* Air Resistance: The primary reason objects don't fall at the same velocity is air resistance. Air resistance, also known as drag, is a force that opposes the motion of an object through the air. The amount of air resistance depends on:
* Shape: A wider or less streamlined object will experience more air resistance.
* Size: A larger object will experience more air resistance.
* Speed: As an object falls faster, air resistance increases.
* Terminal Velocity: As an object falls, its speed increases due to gravity. However, air resistance also increases. Eventually, the force of air resistance equals the force of gravity, and the object stops accelerating. This is called terminal velocity. Objects with more air resistance will reach a lower terminal velocity than objects with less air resistance.
The classic example:
Imagine a feather and a bowling ball.
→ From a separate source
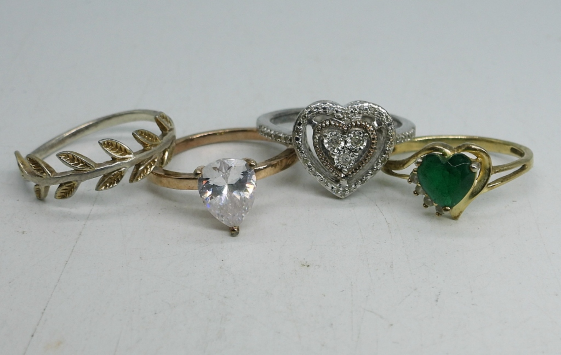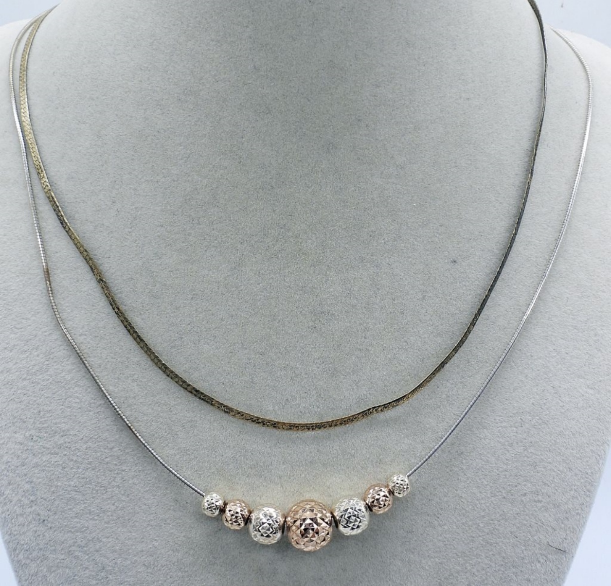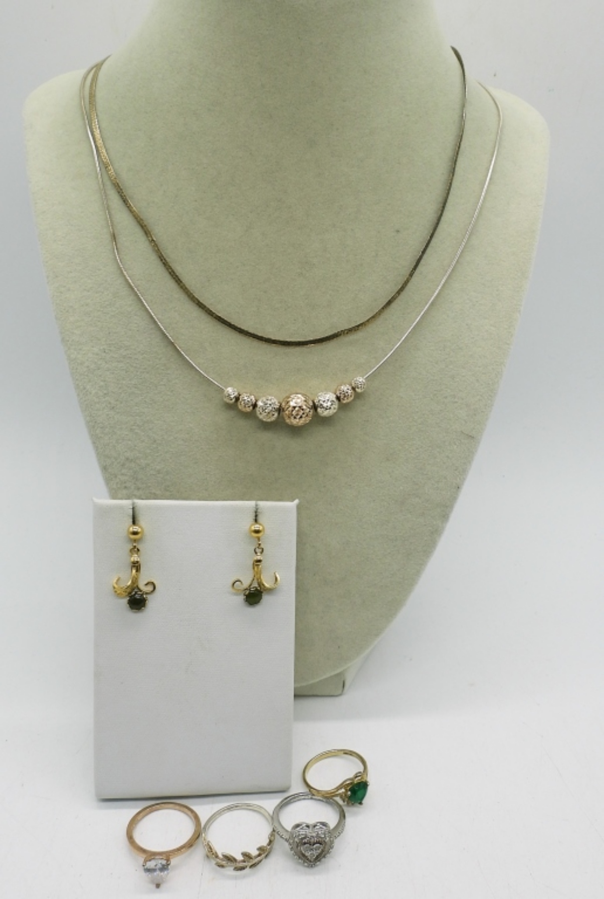 FOUR STERLING RINGS IN SILVER, GOLD & ROSE GOLD TONES, SIZES 6, 7, 8.5. GOLD TONE EARRINGS AND TWO STERLING TRI TONE NECKLACES, 17.5″ & 20″. 14.7 DWT

Both experience the same acceleration due to gravity. However, the feather has a much larger surface area and a lighter weight, making it much more susceptible to air resistance. The feather will reach its terminal velocity much quicker than the bowling ball, meaning it will fall much slower.
In a vacuum:
If you were to perform this experiment in a vacuum, where there is no air resistance, you would see that the feather and bowling ball would fall at the same rate, reaching the ground simultaneously. This is because in the absence of air resistance, the only force acting on them is gravity, and they both experience the same acceleration.
In conclusion:
While acceleration due to gravity is constant, objects don't fall at the same velocity because of air resistance. The amount of air resistance depends on the object's shape, size, and speed, which ultimately determines its terminal velocity.